• Exercise requirements: Exclude all pictures, then restate the entries below word for word.

──────────────────────────────

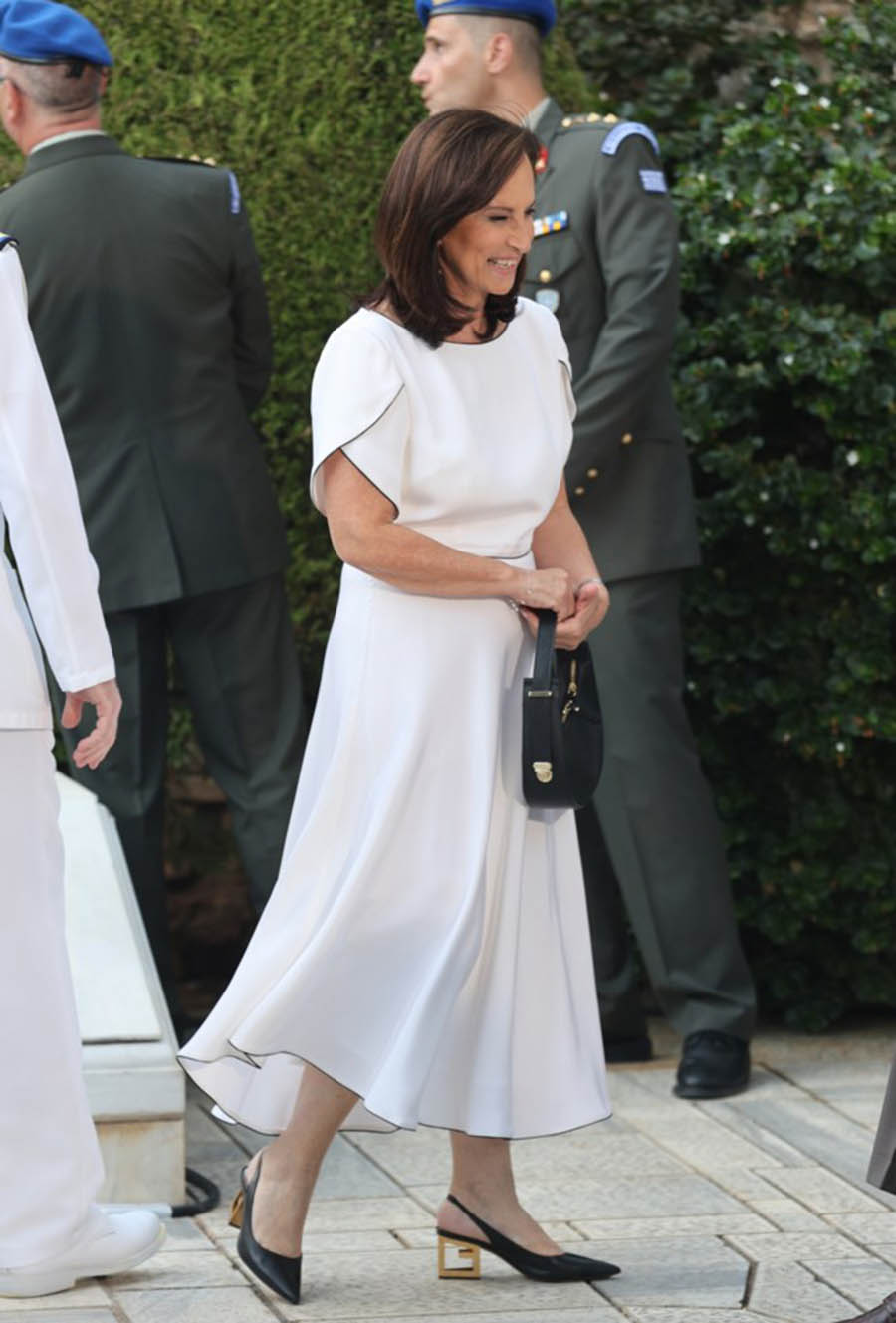 Την παράσταση όμως δεν έκλεψε το μενού ή το επιδόρπιο, αλλά η συνήθης πασαρέλα των κυριών, που «μετρήθηκαν σε κομψότητα», αλλά και σε κακό γούστο ορισμένες, φορώντας κοκτέιλ φορέματα, ταγιέρ, κοστούμια, πέδιλα, φλατ σανδάλια και total white φορέματα. Ολα μπλέχτηκαν γλυκά στους κήπους του φωτισμένου Προεδρικού Μεγάρου, που «έβαλε τα καλά του» για την επέτειο των 50 ετών από την Αποκατάσταση της Δημοκρατίας στη χώρα.
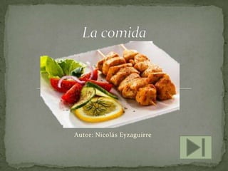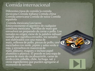 El documento presenta una lista de diferentes tipos de comida como la mexicana, italiana, china, americana y suiza. Describe brevemente algunos platillos típicos de la comida mexicana como los tacos, tamales y pozole. También habla sobre la fusión culinaria en la cocina peruana y los diferentes orígenes de los ingredientes y técnicas utilizadas. Finalmente, realiza una clasificación general de los tipos de comida entre nacional e internacional, y destaca la importancia de comer alimentos saludables.
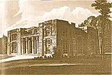 John Foulston (1772 – 30 December 1841) was a pupil of Thomas Hardwick and set up a practice in London in 1796.[15] In 1810 he won a competition to design the Royal Hotel and Theatre group of buildings in Plymouth, Devon,[16] and after relocating he remained Plymouth's leading architect for twenty-five years.[15] Most of Foulston's work was in the Greek Revival style, but his best known project was the creation of a group of buildings in Ker Street, Devonport in 1821–24. This eclectic group consisted of a Greek Doric town hall and commemorative column; a terrace of houses in Roman Corinthian style and two houses in Greek Ionic; a "Hindoo" nonconformist chapel; and an "Egyptian" library. The Library became the Odd Fellows Hall, and today is a public House. Of these, all but the chapel and the houses survive, and are Grade I listed.
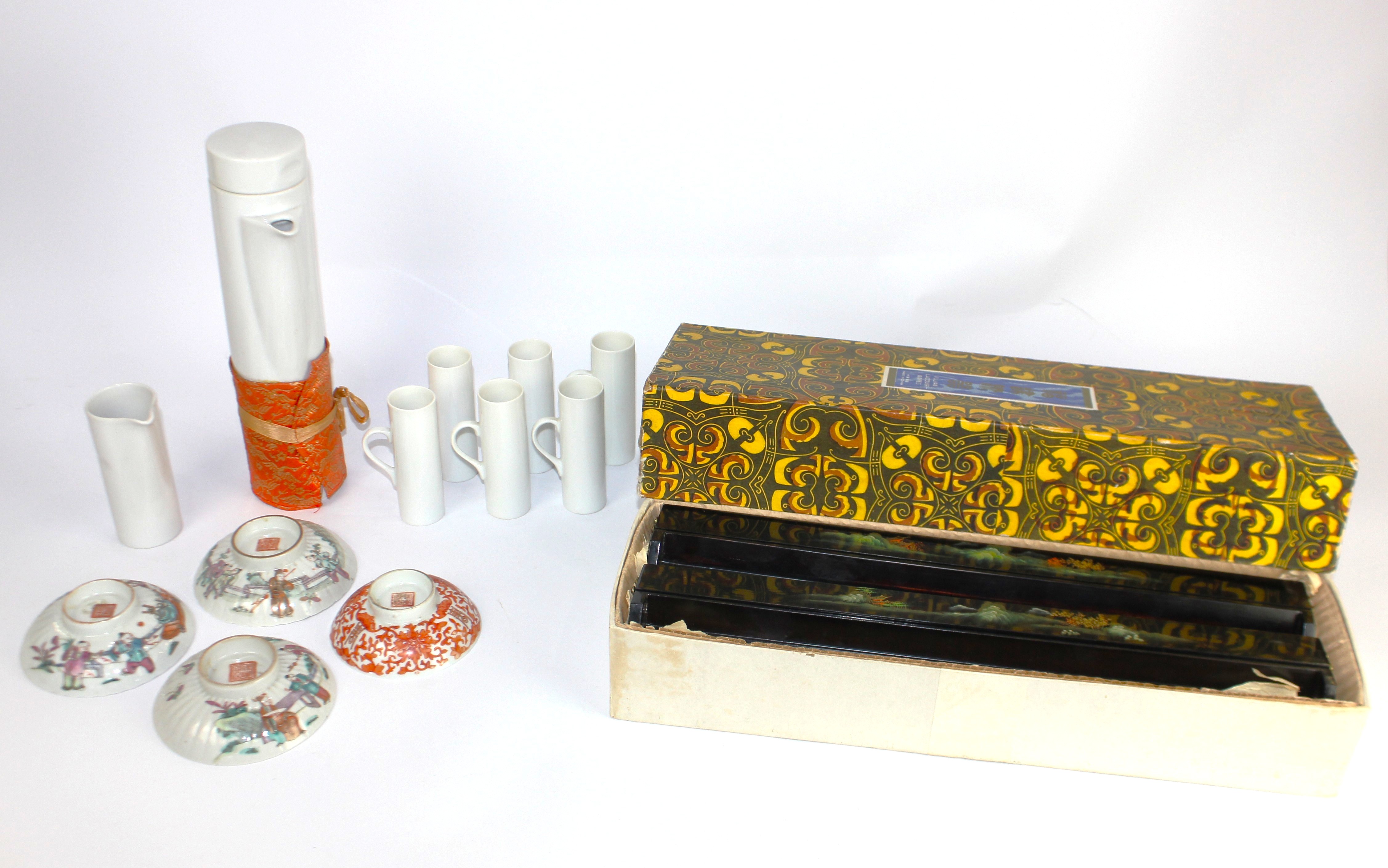 Three Chinese porcelain bowls with figural decoration, seal mark to base, 11cm diameter, and another similar, together with a Chinese 'Fujian Laquer-Wares' mahjong set, boxed, and a Schmid white porcelain coffee set comprising coffee pot, milk jug and six espresso cups
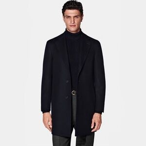 SUITSUPPLY Pure Wool Navy Overcoat Vicenza Int J4611 USA 38 Free CANALI Silk Tie

──────────────────────────────

• Response area:
 Την παράσταση όμως δεν έκλεψε το μενού ή το επιδόρπιο, αλλά η συνήθης πασαρέλα των κυριών, που «μετρήθηκαν σε κομψότητα», αλλά και σε κακό γούστο ορισμένες, φορώντας κοκτέιλ φορέματα, ταγιέρ, κοστούμια, πέδιλα, φλατ σανδάλια και total white φορέματα. Ολα μπλέχτηκαν γλυκά στους κήπους του φωτισμένου Προεδρικού Μεγάρου, που «έβαλε τα καλά του» για την επέτειο των 50 ετών από την Αποκατάσταση της Δημοκρατίας στη χώρα.
 El documento presenta una lista de diferentes tipos de comida como la mexicana, italiana, china, americana y suiza. Describe brevemente algunos platillos típicos de la comida mexicana como los tacos, tamales y pozole. También habla sobre la fusión culinaria en la cocina peruana y los diferentes orígenes de los ingredientes y técnicas utilizadas. Finalmente, realiza una clasificación general de los tipos de comida entre nacional e internacional, y destaca la importancia de comer alimentos saludables.
 John Foulston (1772 – 30 December 1841) was a pupil of Thomas Hardwick and set up a practice in London in 1796.[15] In 1810 he won a competition to design the Royal Hotel and Theatre group of buildings in Plymouth, Devon,[16] and after relocating he remained Plymouth's leading architect for twenty-five years.[15] Most of Foulston's work was in the Greek Revival style, but his best known project was the creation of a group of buildings in Ker Street, Devonport in 1821–24. This eclectic group consisted of a Greek Doric town hall and commemorative column; a terrace of houses in Roman Corinthian style and two houses in Greek Ionic; a "Hindoo" nonconformist chapel; and an "Egyptian" library. The Library became the Odd Fellows Hall, and today is a public House. Of these, all but the chapel and the houses survive, and are Grade I listed.
 Three Chinese porcelain bowls with figural decoration, seal mark to base, 11cm diameter, and another similar, together with a Chinese 'Fujian Laquer-Wares' mahjong set, boxed, and a Schmid white porcelain coffee set comprising coffee pot, milk jug and six espresso cups
 SUITSUPPLY Pure Wool Navy Overcoat Vicenza Int J4611 USA 38 Free CANALI Silk Tie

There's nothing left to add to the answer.